| Work task |
One range is to be output from the listing below, exactly as written: the line with "Tube Size | |" to the line with "Hardin County Sheriff", both kept.

| Raw data |
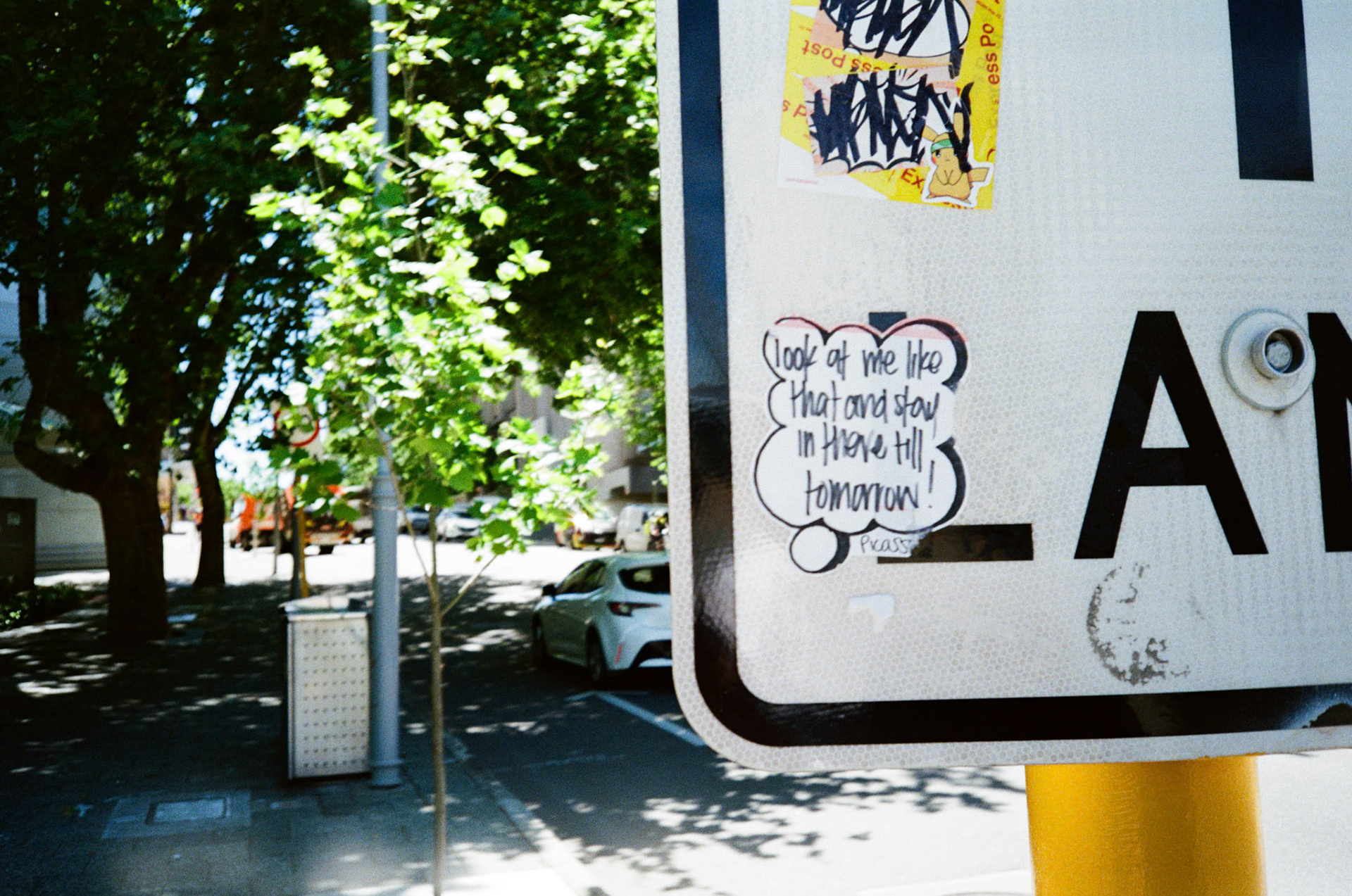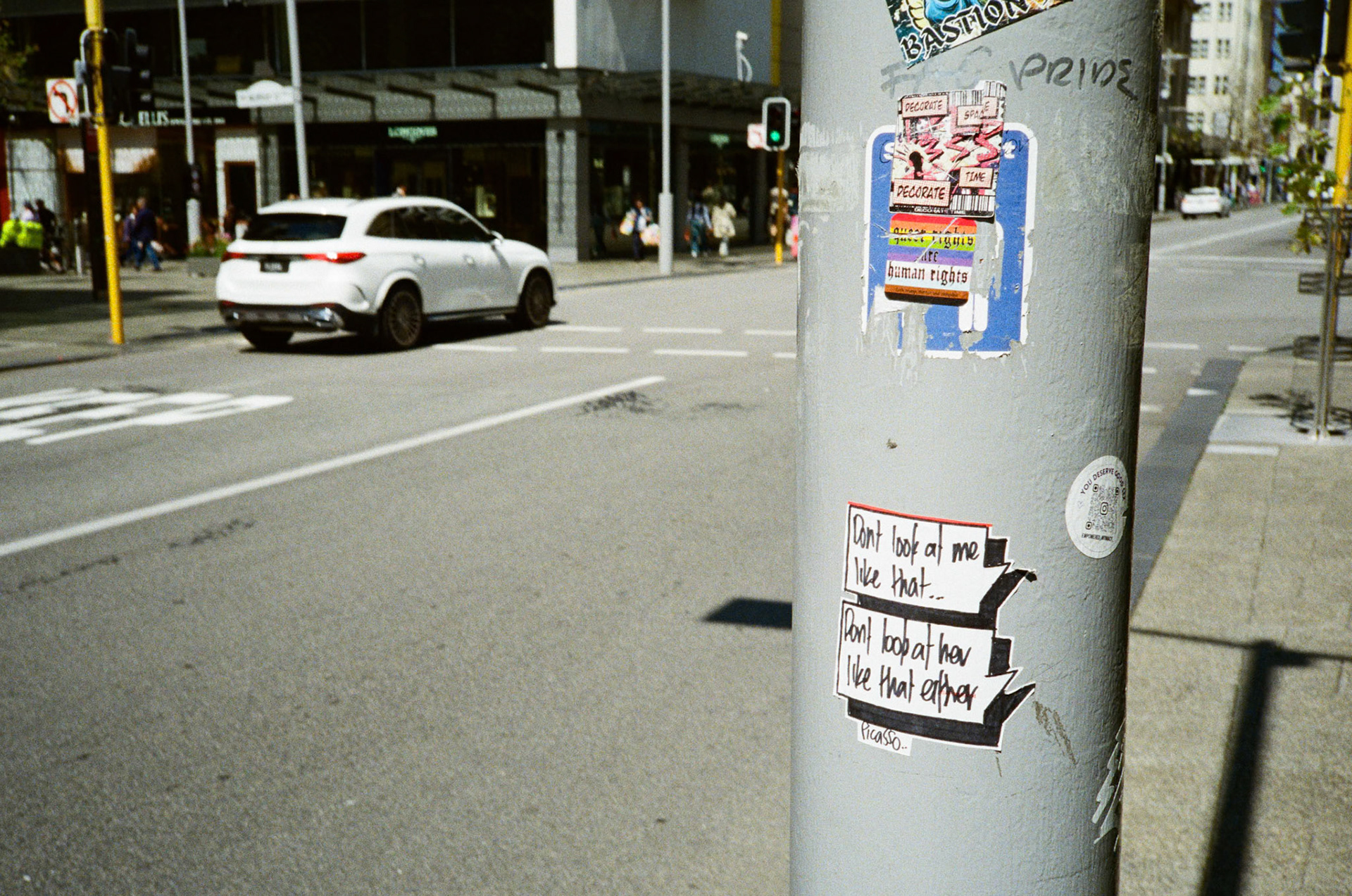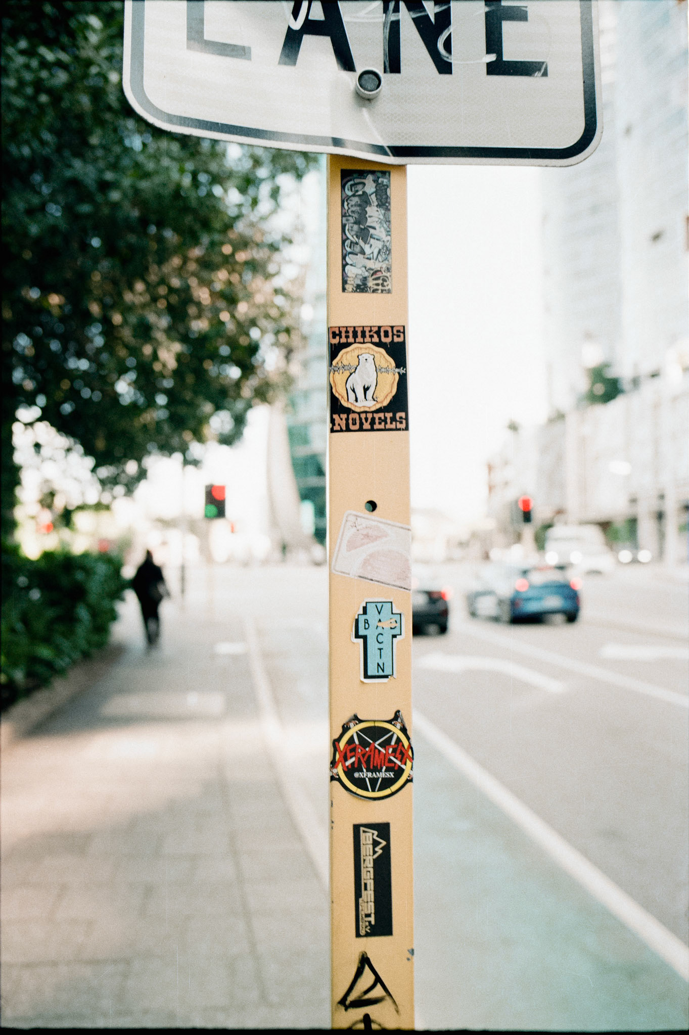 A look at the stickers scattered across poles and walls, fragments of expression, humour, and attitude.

* * *

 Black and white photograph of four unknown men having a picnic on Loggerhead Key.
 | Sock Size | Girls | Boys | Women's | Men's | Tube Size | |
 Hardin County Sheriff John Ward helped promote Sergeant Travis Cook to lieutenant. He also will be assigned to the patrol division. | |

| Completed task |
 | Sock Size | Girls | Boys | Women's | Men's | Tube Size | |
 Hardin County Sheriff John Ward helped promote Sergeant Travis Cook to lieutenant. He also will be assigned to the patrol division. | |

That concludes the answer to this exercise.